Ces dauphins ont payé le prix de l’incompétence et l’arrogance de certains dirigeants. Quatre pauvres marins ont trouvé la mort. Sur le plan international, Maurice est en train de se ridiculiser, car le gouvernement parle de l’Ocean State, de Blue Economy et d’une zone économique exclusive extrêmement grande, et on n’arrive pas à gérer notre propre lagon. Il faut cesser cette illusion de faire semblant.

On dit que Arek Kokin Nu Laplaz met souvent les bâtons dans les roues du développement. Que répondez-vous à cette critique ?

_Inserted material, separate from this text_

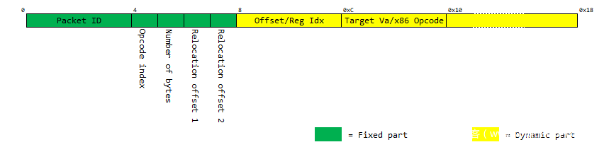 每条虚拟指令都存储在一个特定的数据结构中,该数据结构包含VM需要正确读取以及执行的所有信息。这个数据结构大小为24字节,由某些固定字段以及一个可变部分所组成(可变部分取决于具体的操作码)。在解释操作码之前,VM会解密操作码的内容(通过简单的XOR算法),然后使用重定位字段进行重定位(如果需要的话)。
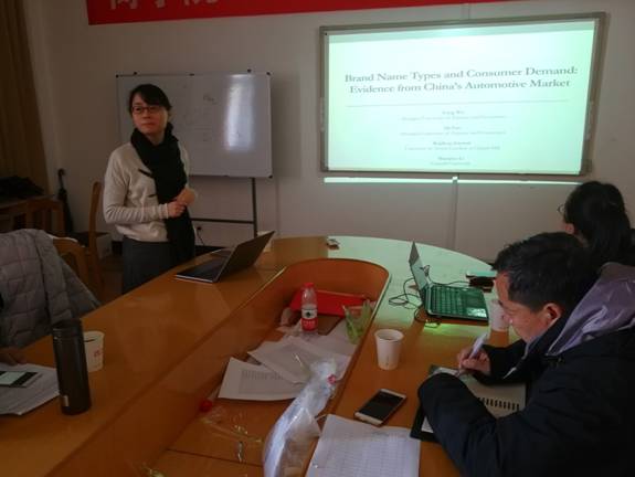 2018年1月10日下午14:30,51吃瓜网 学术沙龙(2018年第1期)在11#518会议室举行。本期学术沙龙主讲人是上海财经大学国际工商管理51吃瓜网 硕士生导师吴芳副教授。沙龙主题为“品牌名与消费者需求:基于中国汽车需求市场的研究”。学术沙龙由企业管理研究所教师马永斌副教授主持,51吃瓜网 企业管理研究所及其他研究所教师、部分研究生参加了此次学术活动。

Nous ne sommes pas là pour mettre des bâtons les roues. Nous sommes là pour travailler avec n’importe quel gouvernement. Il ne faut pas qu’un gouvernement considère les citoyens comme des adversaires. Nous sommes dans une démocratie. On a le droit d’être d’accord ou pas. Il faut qu’il y ait un Smart Mauritius. Il ne fallait pas couler le Wakashio. Il fallait l’amener à terre pour le recycler. Pendant 12 jours, ce bateau a fait naufrage sur les récifs ou résident des langoustes. Ces récifs représentent le “border” du Mahébourg/Grand-Port Fishing Reserve, très riche en matière de biodiversité marine, très important pour les pêcheurs de la région. En sus de cela, ce naufrage se trouve à quelques centaines de mètres de deux sites de Ramsar, du Blue-Bay Marine Park, de l’île aux Aigrettes Nature Reserve, de l’île aux Mariannes, etc. Il ne fallait pas couler le Wakashio dans un endroit fréquenté par les dauphins. Qui a donc poussé ces dauphins à pénétrer dans nos lagons ? Je trouve choquant que certains viennent dire que le Wakashio n’est pas la cause de la mort des dauphins. Le crime contre la nature est un crime contre l’humanité.

Que réclamera AKNL maintenant ?
Nous allons demander aux politiciens, qui aspirent à diriger le pays, de signer un pacte pour la transition écologique. Ce sera un contrat entre le peuple et les partis politiques. Nous allons former et sensibiliser les futurs décideurs à la cause écologique. Il faut cesser d’improviser. Il faut une vision à long terme pour la transition écologique.